I wouldn’t call that ge­netic al­gorithm, there are some differ­ences. For ex­am­ple, I evolve code, which fur­ther evolves some code, which evolves a prob­lem solu­tions of a prob­lem. May be sev­eral lay­ers be­tween the first code and the fi­nal solu­tion.

• I can im­prove my score to (620sqrt(3)-973)/​191 = 0.528… us­ing this ar­range­ment.

EDIT: This ar­range­ment does even bet­ter with a score of (19328sqrt(3)-30613)/​6143 = 0.466… . Note that there is a tiny cor­ner cut off each trapez­ium.

• In­ter­est­ing. We will see where this is go­ing to go.

• Any luck? I’d be in­ter­ested in see­ing some of the com­puter solu­tions even if their scores didn’t beat mine.

By the way I can now im­prove my score to 14sqrt(3)-24 = 0.249… . My cov­er­ing shape is a 14 by 17 right-an­gled tri­an­gle. This clearly tiles the square perfectly and you can also fit 24 of them into the equilat­eral tri­an­gle. To see this first di­vide the equilat­eral tri­an­gle ex­actly into 24 right-an­gled tri­an­gles of sides 14 and 1/​(4sqrt(3)), and then note that 17 < 1/​(4sqrt(3)). There’s no point in draw­ing a pic­ture since you can barely see the gaps.

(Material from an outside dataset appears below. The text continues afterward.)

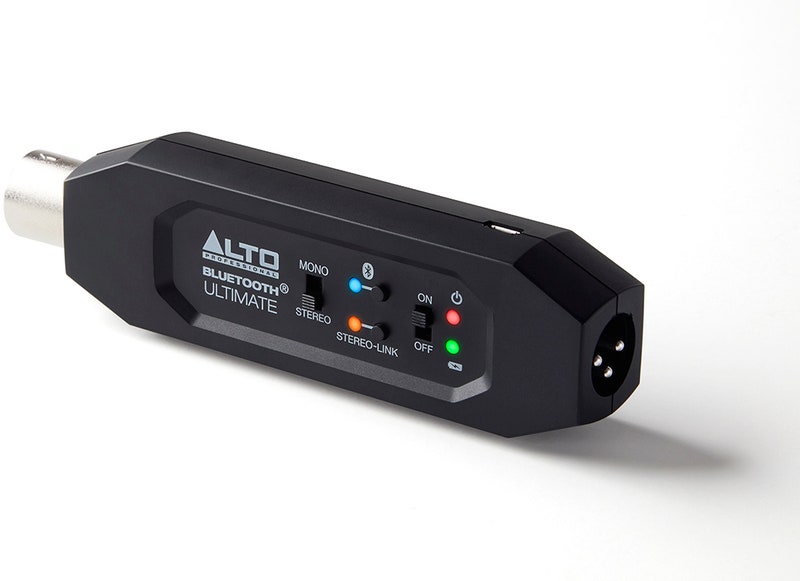 Bluetooth Ultimate er en mono/stereo Bluetooth-modtager, der streamer lyd trådløst til mixere eller aktive højttalere. Med Bluetooth Ultimate kan du hurtigt og nemt tilføje Bluetooth-singaler i både mono og stereo til enhver live lydopsætning. Sæt Bluetooth Total i XLR-indgangen på en mixer- eller højttaleropsætning, par din Bluetooth-enhed, og du er igang! Stopper du her, får du mono-operation. Men BlueTooth Ultimate har en ekstra XLR-udgang, der fungerer som kanal 2 i stereo-opsætninger. Dvs kobler du et XLR-kabel fra denne udgang til højttaler nr. 2 eller næste indgang på mixeren, kan du nu streame i stereo. Du kan også trådløst forbinde to Bluetooth Ultimates og nå endnu flere højttalere. Et indbygget genopladeligt batteri holder Bluetooth Ultimate kørende i over 6 timer. Bluetooth Ultimate er et værdifuldt værktøj, som ingen audioprofessionel bør være foruden.

• The cheaty solu­tion at the end de­pends on what seems to me an un­in­tended in­ter­pre­ta­tion of the ques­tion (though, given that the same per­son wrote the ques­tion and the pro­gram that found the solu­tion, maybe my idea of what’s in­tended is wrong). I took “tile both poly­gons” to mean “tile poly­gon 1 AND tile poly­gon 2″, not “tile the union of poly­gons 1 and 2”.

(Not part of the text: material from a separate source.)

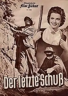 The Last Shot (German: Der letzte Schuß) is a 1951 West German historical drama film directed by Franz Seitz and starring Angelika Hauff, Viktor Staal and Heinrich Gretler.[1] It is part of the post-war group of heimatfilm, set in rural Southern Germany. It was made by a Munich-based independent company at the Bavaria Studios. It was produced by the director's son Franz Seitz. Location shooting took place around the Schliersee in Bavaria. The film's sets were designed by Ernst H. Albrecht and Arne Flekstad.

• It is a solu­tion similar to the one with the big shape which doesn’t cover any­thing, but the re­main­der is ar­bi­trar­ily minis­cule rel­a­tive to the shape.

We called it “a triv­ial solu­tion”, as I call this solu­tion triv­ial, but maybe less triv­ial, since it ac­tu­ally cov­ers all and it wasn’t ex­plic­itly for­bid­den, not to peo­ple, not to the com­puter.

Now, I told my chitin’ comp, don’t do that, each in­stance of the shape should cover ei­ther the tri­an­gle, ei­ther the square!

We will see.

• I must say, that this solu­tions of yours is quite im­pres­sive. Quite im­pres­sive in­deed.

• I promise you scores and images of solu­tions, what­ever they will be. Calcu­la­tions are un­der way right now and they should be available soon.

• Okay, sounds ex­cit­ing!

• The score point is not 6 at your solu­tion.

• They means point six, i.e. 0.6. In fact their score is 0.6188....

• True.

As I also see now, my prob­lem for­mu­la­tions are a prob­lem be­fore the prob­lem it­self.

• That’s okay since the ac­tual prob­lems are in­ter­est­ing.

• Thanks. The goal is a prob­lem childishly easy to un­der­stand and dev­il­ishly difficult to solve.